The setting is actually note-perfect: Richards happily riffs against Jagger's hound-dog warble in the verses, while Taylor draws gorgeous lines through his chorus. The wounded backing vocals also make clear what's at stake, no matter how quickly Jagger tries to turn away from heartbreak. He later admitted that Richards might have been better suited to sing "Dead Flowers," the closest the Rolling Stones ever get to a stumble on this album.

 

"Moonlight Mile"

Another largely solo Jagger composition closes out Sticky Fingers, and – unlike "Dead Flowers" – it's an unfettered triumph. "As far as I can remember," Richards said in Life, "Mick came in with the whole idea of that, and the band just figured out how to play it."
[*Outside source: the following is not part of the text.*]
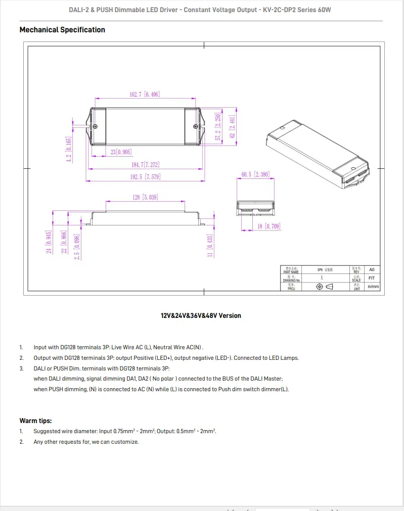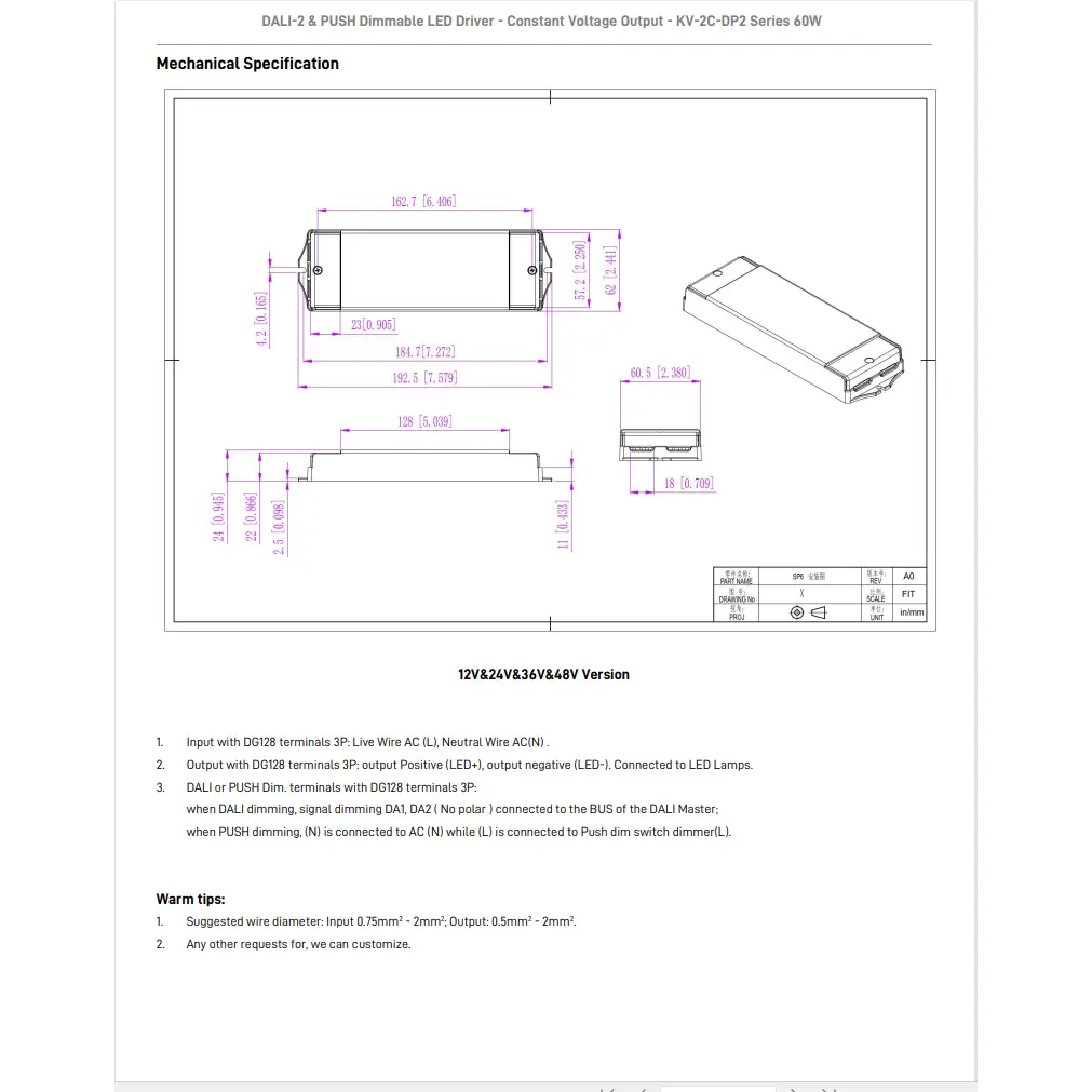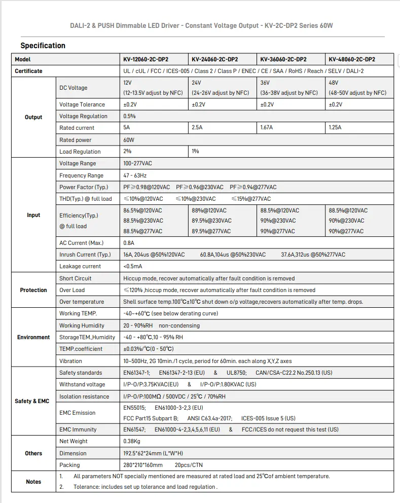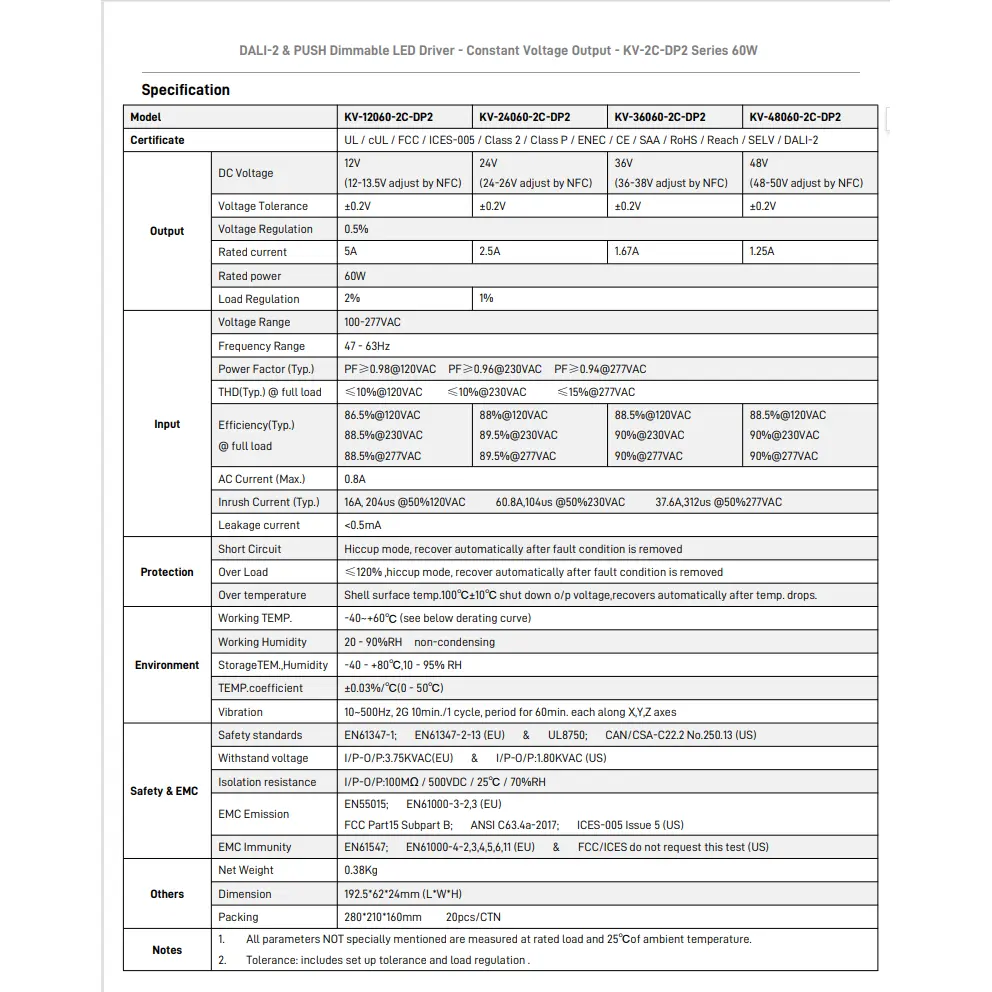 Fungsi peredupan: DALI-2 & PUSH 2 dalam 1 dimming (CCT). Kekerapan keluaran PWM 4KHz.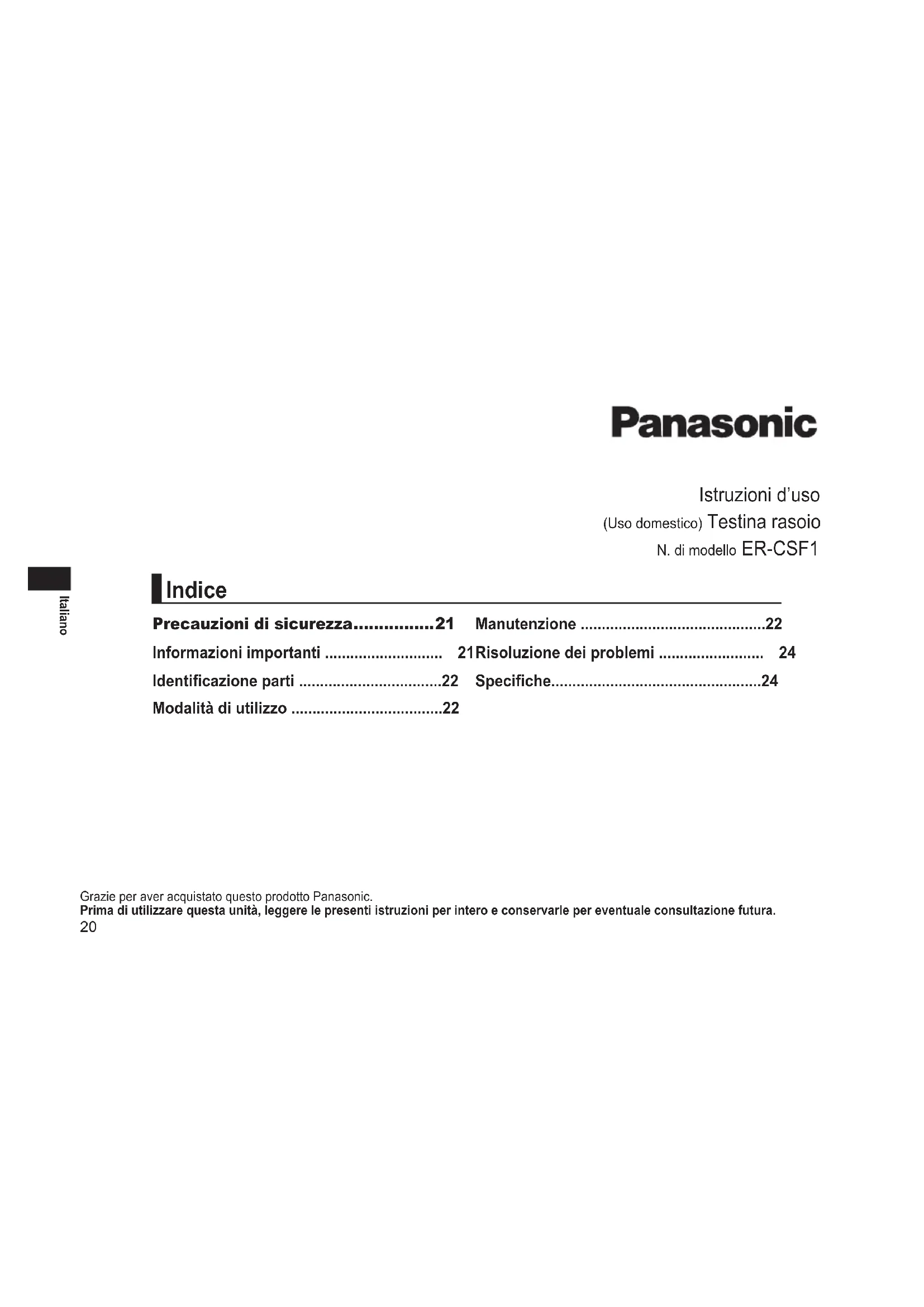 Scarica le istruzioni per il tuo Accessorio da barba in formato PDF gratuitamente! Trova il tuo manuale ERCSF1 - PANASONIC e riprendi in mano il tuo dispositivo elettronico. In questa pagina sono pubblicati tutti i documenti necessari per l'utilizzo del tuo dispositivo. ERCSF1 del marchio PANASONIC.

It wouldn't be easy, as Jagger's novice-level guitar talents led him to what he once called "this vaguely Oriental guitar line." He was finally convinced to show the others how "Moonlight Mile" went, after first feeling that the unusual structure and lonesome lyric weren't appropriate for the Stones. Listening as they rode inside a first-class railway compartment on the way from London to Bristol, Taylor quickly followed Jagger's musical train of thought – then built on it.

In fact, Taylor said a subsequent riff that he'd developed inspired the unresolved string arrangement from Paul Buckmaster that billows up to give "Moonlight Mile" its remarkable power. Watts adds to the spooky atmospherics by switching to mallets, adding a rich and subtle rhythm.

Continuing a theme, the Rolling Stones' second guitarist would be given no credit on the track. Still, the results became "a real dreamy kind of semi-Middle Eastern piece," Jagger told Rolling Stone. "Yeah, that's a real pretty song – and a nice string arrangement." Somewhere, Mick Taylor is smashing a perfectly good Gibson Les Paul Standard right now.